**PROVIDED DATA:**
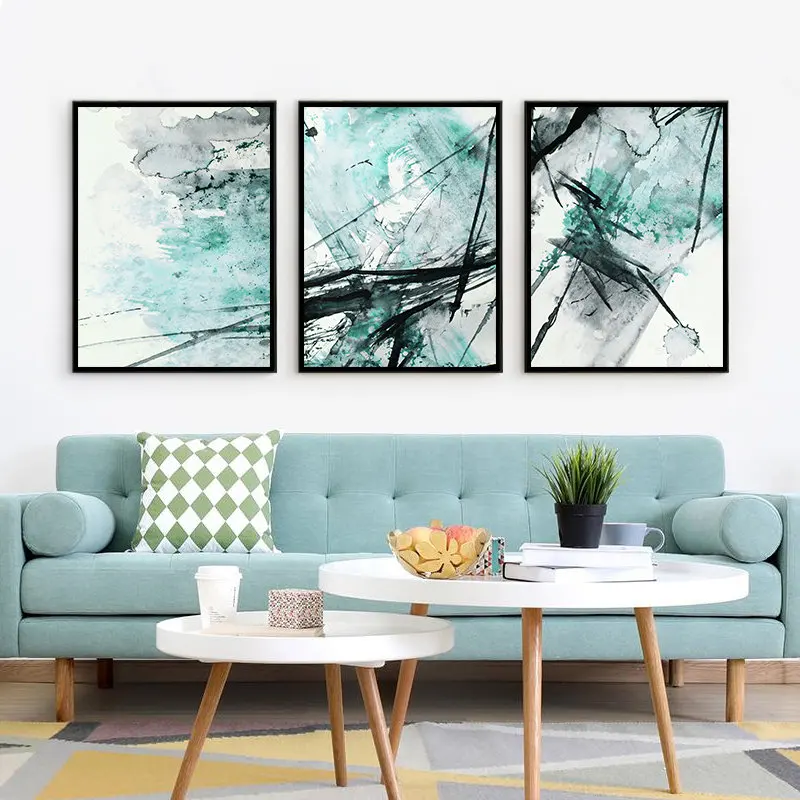 Nordic Стиль абстрактный черно светильник синий светильник зеленые чернила холсты для рисования печать настенных постеров Гостиная домашний декор
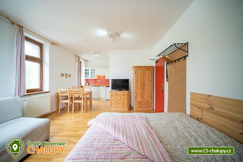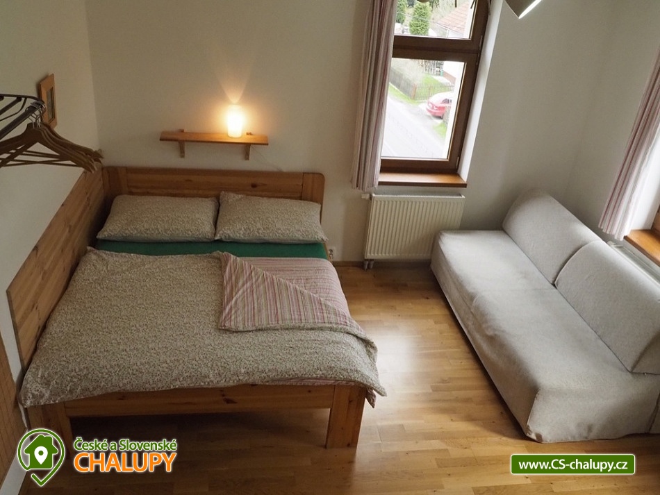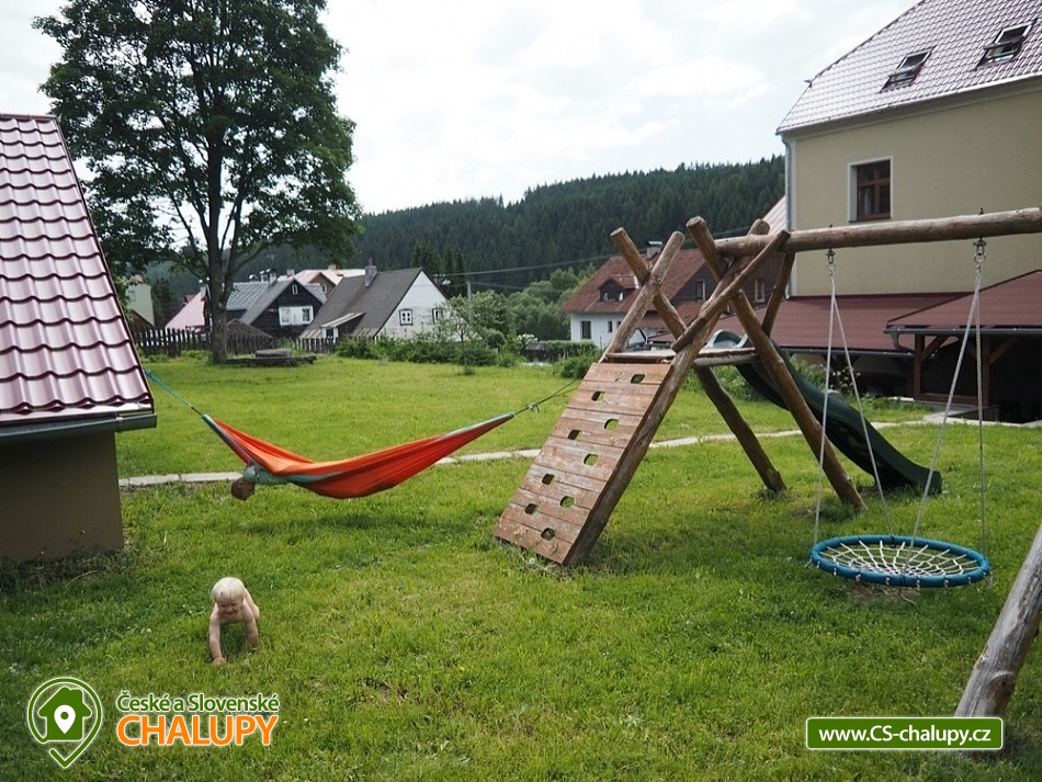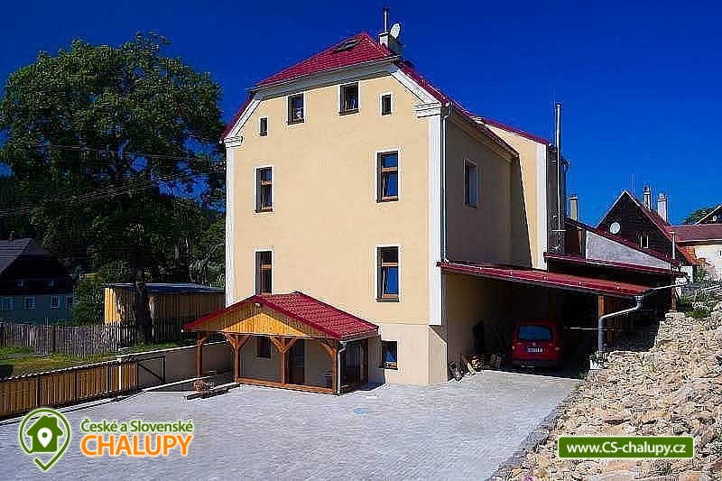 Rodinná chalupa se saunou nedaleko areálu Plešivec - Krušné hory. Chalupa s apartmány nabízí ubytování pro až 24 osob v 6 apartmánech s vlastní kuchyní a koupelnou. Objekt se pronajímá jako celek 1 skupině klientů, v případně menšího množství klientů je možnost pronájmu i jednotlivých apartmánů. V chalupě je celkem 6 apartmánů (každý pro 4 osoby), které jsou vybaveny: dvoulůžkem, rozkládacím dvoulůžkem, kuchyní s myčkou, mikrovlnkou, sklokeramickou varnou deskou, lednicí a nádobím, koupelnou s WC, TV/SAT a WiFi internetem. Možnost vaření na pokojích i ve společenské místnosti. V obci se nachází 4 restaurace. Ve společenské místnosti je k dispozici prostorná kuchyň s myčkou, troubou, mikrovlnou troubou, lednicí a nádobím pro 24 osob. Chalupa je vytápěna centrálním plynovým topením a kamny ve společenské místnosti. V objektu je celkem 6 sociálních zařízení na jednotlivých pokojích a WC ve společenské místnosti. Příjezd k objektu je z hlavní silnice, parkování je možné na oploceném parkovišti. Dále je k dispozici úschovna kol a lyžárna se sušákem na boty. U chalupy je prostorná zahrada s dětským hřištěm a pergolou s grilem. Sauna se nachází v přístavbě objektu a je možné ji pronajmout za poplatek. Sjezdovka je vzdálená 300 metrů od chaty, běžkařské stopy také 300 metrů. V bezprostřední blízkosti je Skiareál Plešivec a Klínovec. Po dni na lyžích, na kole nebo v některé z okolních UNESCO památek, můžete relaxovat v sauně nebo ve velké zahradě v houpací síti. V blízkosti chaty jsou štoly a muzea věnující se Krušným horám: výroba hraček, těžba apod.
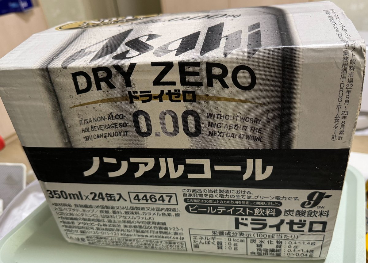 新买的Asahi Dry Zero一箱到了,之前喝的Bavaria刚好块喝完了。我戒酒很多年了,偶尔跟朋友也喝一两次真的酒精酒。不过自己在家,绝对只喝无醇啤酒。不过Asahi Dry Zero之类的在国内的饭馆还没普及率。所以,在外面,基本上不喝。

**REQUIRED WORK:** Reproduce the material in full, word for word, and omit the pictures.

**SOLUTION TO THE EXERCISE:**
 Nordic Стиль абстрактный черно светильник синий светильник зеленые чернила холсты для рисования печать настенных постеров Гостиная домашний декор
 Rodinná chalupa se saunou nedaleko areálu Plešivec - Krušné hory. Chalupa s apartmány nabízí ubytování pro až 24 osob v 6 apartmánech s vlastní kuchyní a koupelnou. Objekt se pronajímá jako celek 1 skupině klientů, v případně menšího množství klientů je možnost pronájmu i jednotlivých apartmánů. V chalupě je celkem 6 apartmánů (každý pro 4 osoby), které jsou vybaveny: dvoulůžkem, rozkládacím dvoulůžkem, kuchyní s myčkou, mikrovlnkou, sklokeramickou varnou deskou, lednicí a nádobím, koupelnou s WC, TV/SAT a WiFi internetem. Možnost vaření na pokojích i ve společenské místnosti. V obci se nachází 4 restaurace. Ve společenské místnosti je k dispozici prostorná kuchyň s myčkou, troubou, mikrovlnou troubou, lednicí a nádobím pro 24 osob. Chalupa je vytápěna centrálním plynovým topením a kamny ve společenské místnosti. V objektu je celkem 6 sociálních zařízení na jednotlivých pokojích a WC ve společenské místnosti. Příjezd k objektu je z hlavní silnice, parkování je možné na oploceném parkovišti. Dále je k dispozici úschovna kol a lyžárna se sušákem na boty. U chalupy je prostorná zahrada s dětským hřištěm a pergolou s grilem. Sauna se nachází v přístavbě objektu a je možné ji pronajmout za poplatek. Sjezdovka je vzdálená 300 metrů od chaty, běžkařské stopy také 300 metrů. V bezprostřední blízkosti je Skiareál Plešivec a Klínovec. Po dni na lyžích, na kole nebo v některé z okolních UNESCO památek, můžete relaxovat v sauně nebo ve velké zahradě v houpací síti. V blízkosti chaty jsou štoly a muzea věnující se Krušným horám: výroba hraček, těžba apod.
 新买的Asahi Dry Zero一箱到了,之前喝的Bavaria刚好块喝完了。我戒酒很多年了,偶尔跟朋友也喝一两次真的酒精酒。不过自己在家,绝对只喝无醇啤酒。不过Asahi Dry Zero之类的在国内的饭馆还没普及率。所以,在外面,基本上不喝。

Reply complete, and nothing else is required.